WORK INSTRUCTION: Transcribe exactly, and only, the lines from the one containing "Alien Headband with" through the end of the entries below, leaving the pictures out.

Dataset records
════════════════

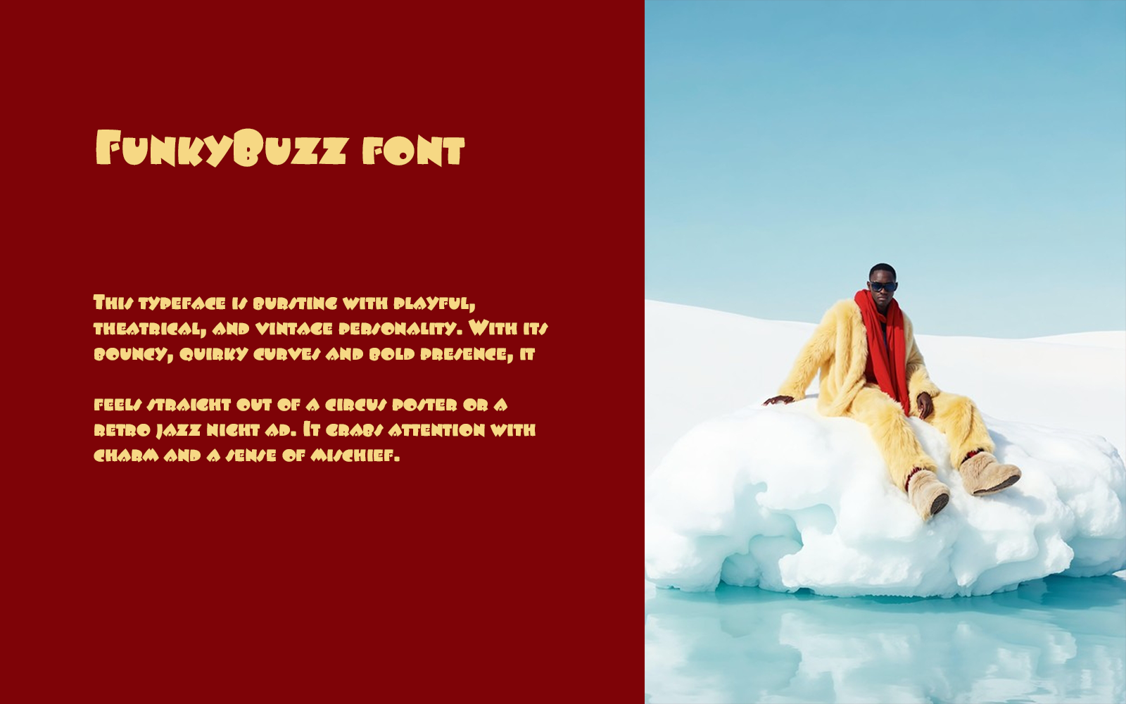 Perfect for posters, packaging, or party themes, FunkyBuzz guarantees smiles before words.
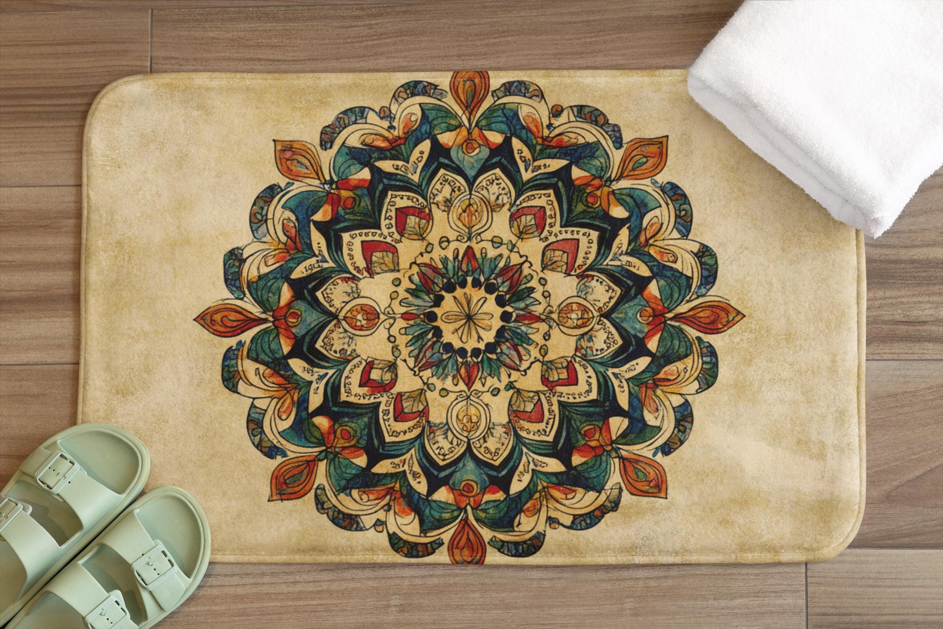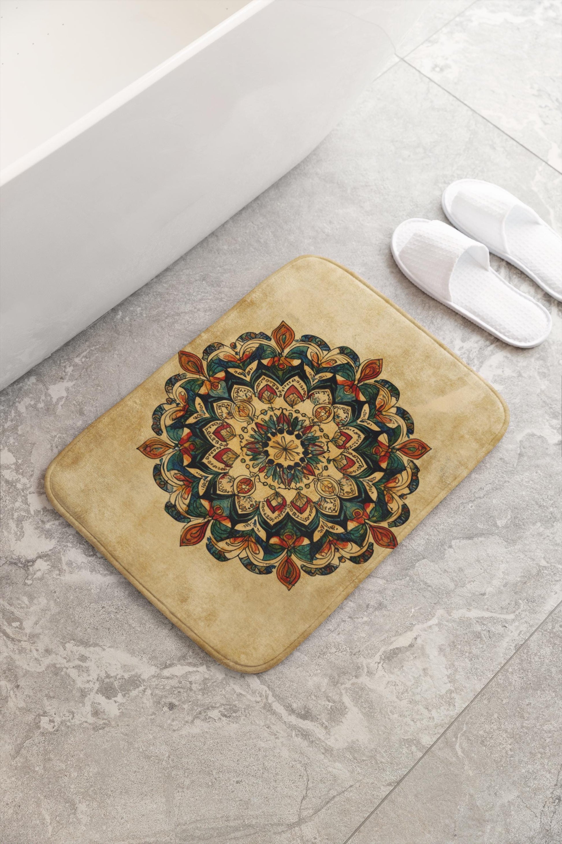 Brighten your bathroom with this vivid mandala bath mat in bold, uplifting hues. Perfect for boho and creative spaces, it adds a joyful focal point that feels both artistic and serene. Soft, absorbent, and slip-resistant.
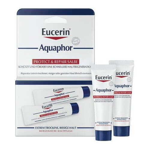 Die Eucerin Aquaphor Protect & Repair Salbe bildet einen Schutzfilm auf der Haut, der die natürliche Schutzbarriere irritierter, extrem trockener und rissiger Haut wiederherstellt.
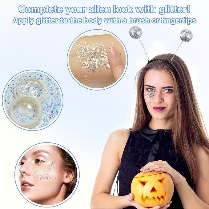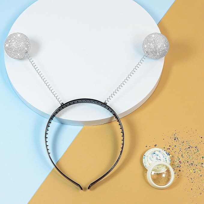 Alien Headband with Glitter, Silver Martian Antenna Headband Glitter Ball
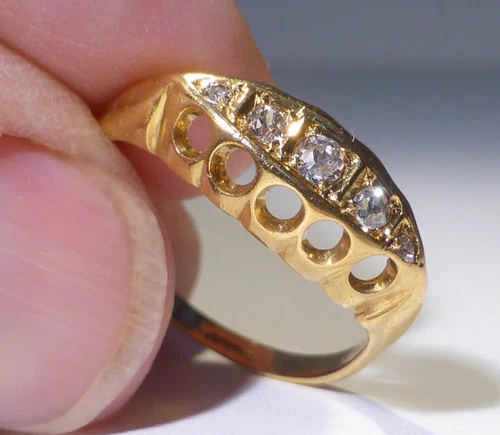 18ct Gold Diamond Ring UK Hallmark 3 grams 5 Stone Size O Gift Box
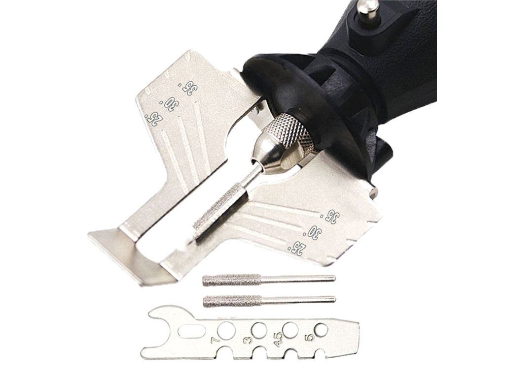 - Obsah balení: Ostřička, 3 brusné válečky (4,5 mm, 5 mm, 6,5 mm), montážní klíč.
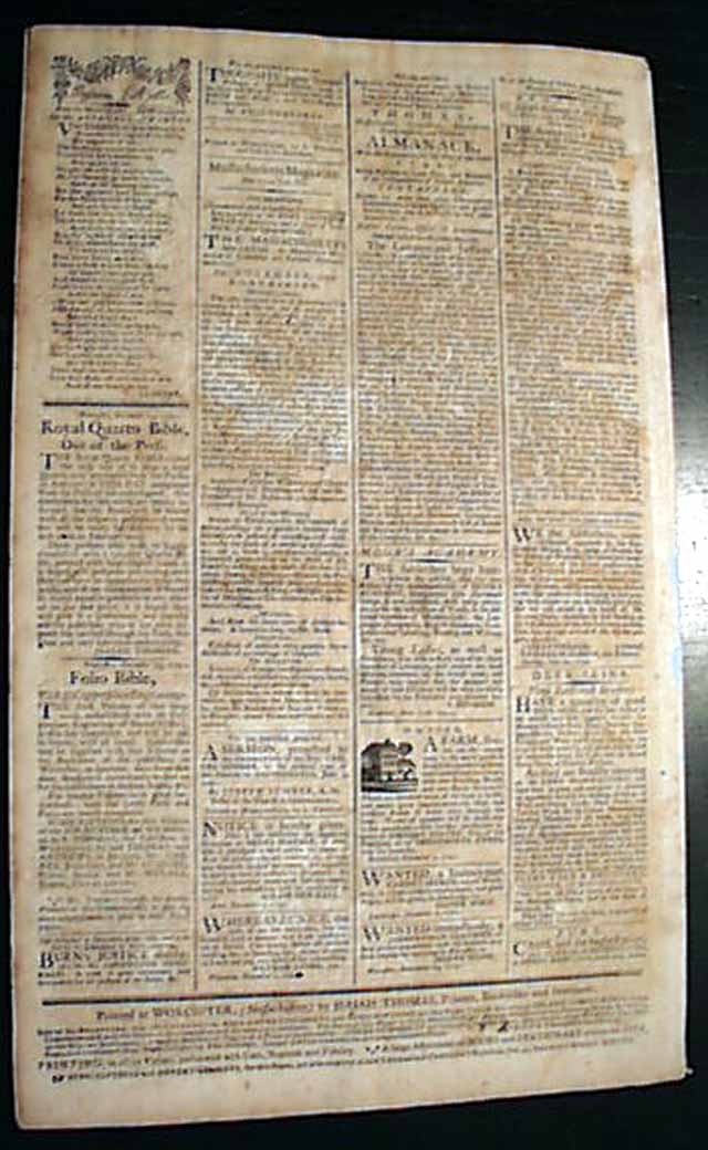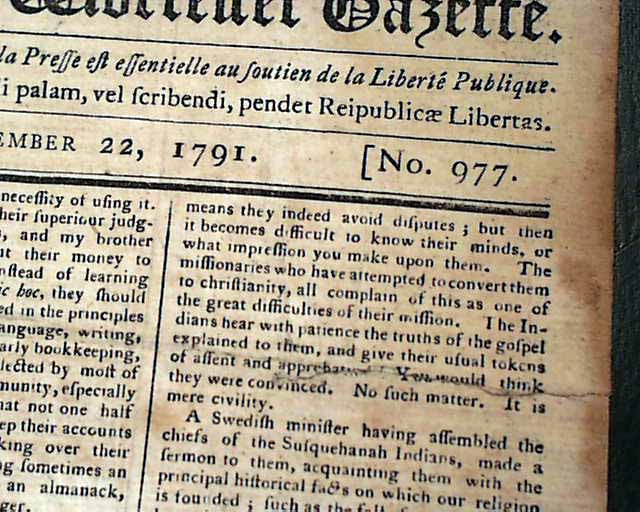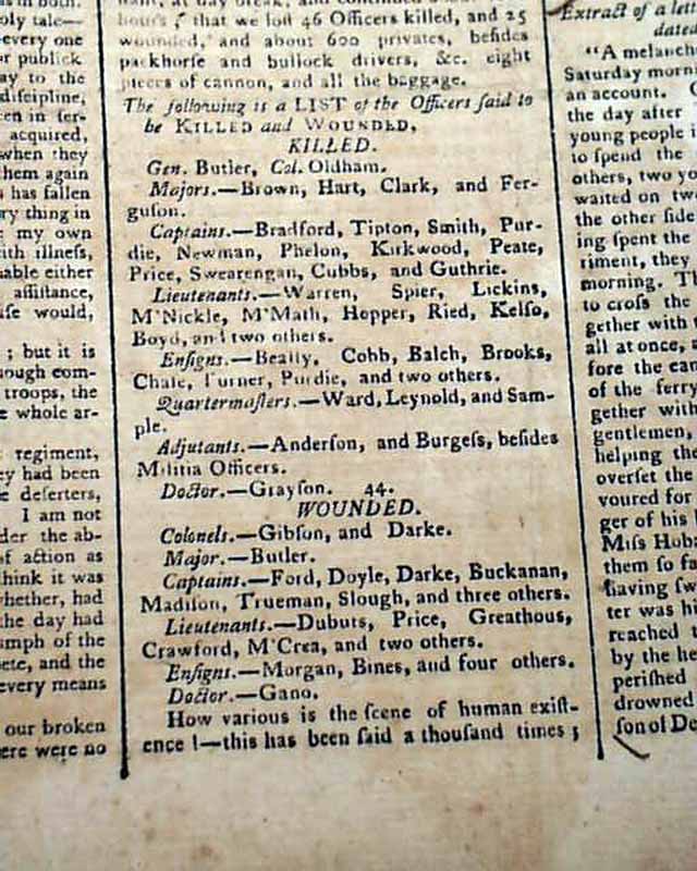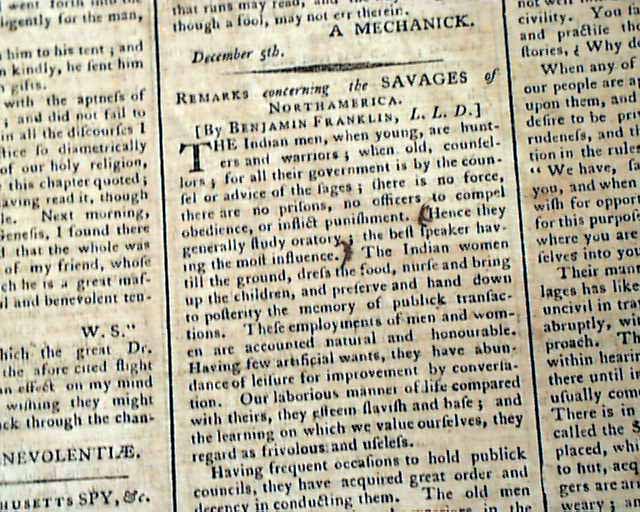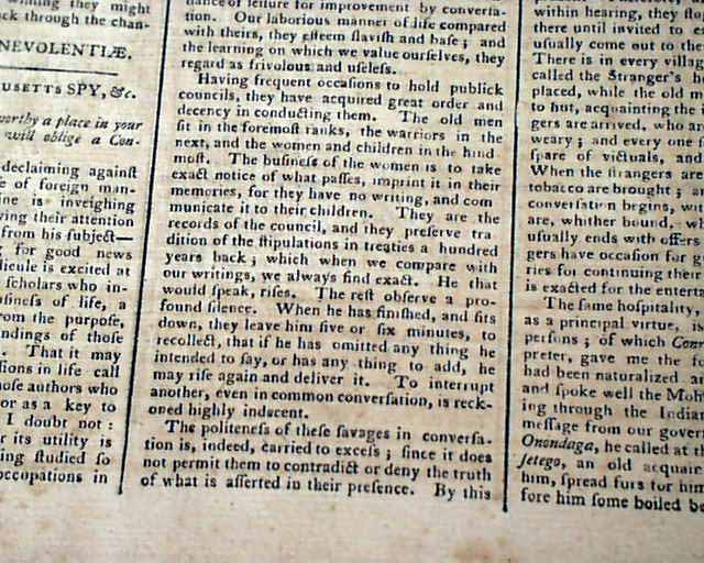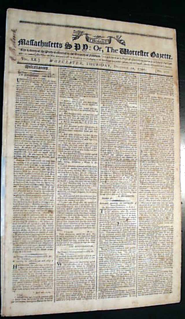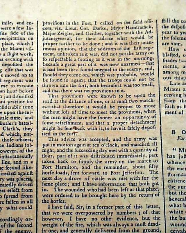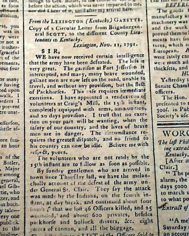 THOMAS'S MASSACHUSETTS SPY; OR THE WORCESTER GAZETTE, Boston, Dec. 22, 1791  This is one of the best issues we have seen on the historic Battle of the Wabash,  This was a tragic event in America's early military history, in which the American Army with 1,400 soldiers were swiftly devastated by an American Indian alliance of 1,500 warriors from nine different tribes.
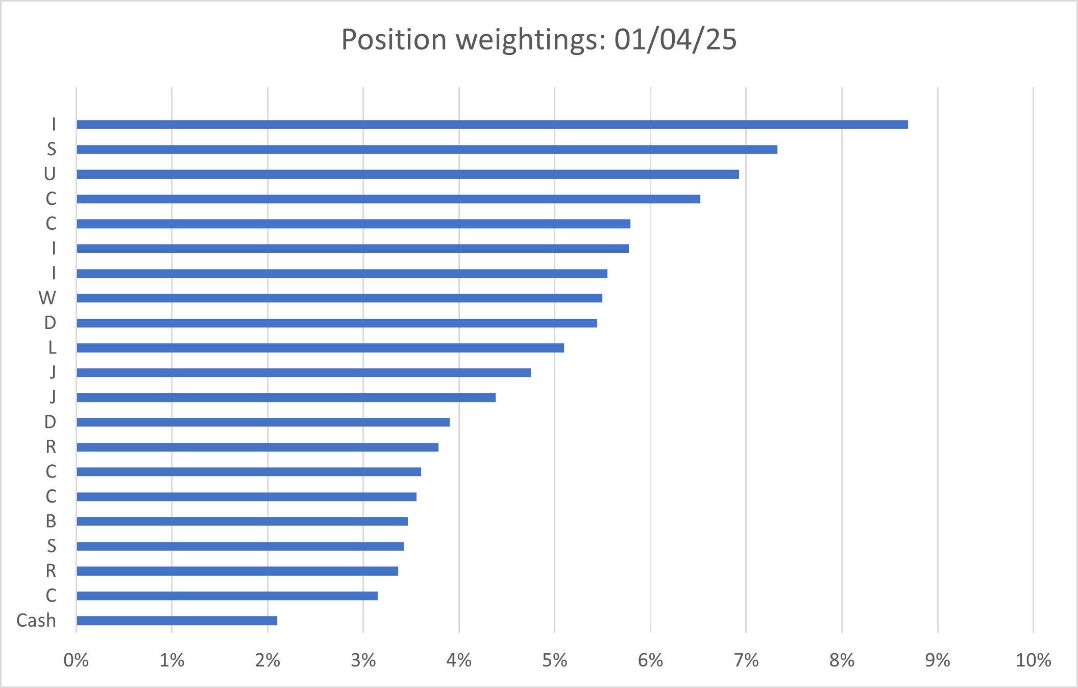 My model portfolio positions are all initiated with a weighting equivalent to about 4.7% of the original portfolio capital. Occasionally I make top ups, as discussed above.

════════════════

RESPONSE TO THIS EXERCISE:
 Alien Headband with Glitter, Silver Martian Antenna Headband Glitter Ball
 18ct Gold Diamond Ring UK Hallmark 3 grams 5 Stone Size O Gift Box
 - Obsah balení: Ostřička, 3 brusné válečky (4,5 mm, 5 mm, 6,5 mm), montážní klíč.
 THOMAS'S MASSACHUSETTS SPY; OR THE WORCESTER GAZETTE, Boston, Dec. 22, 1791  This is one of the best issues we have seen on the historic Battle of the Wabash,  This was a tragic event in America's early military history, in which the American Army with 1,400 soldiers were swiftly devastated by an American Indian alliance of 1,500 warriors from nine different tribes.
 My model portfolio positions are all initiated with a weighting equivalent to about 4.7% of the original portfolio capital. Occasionally I make top ups, as discussed above.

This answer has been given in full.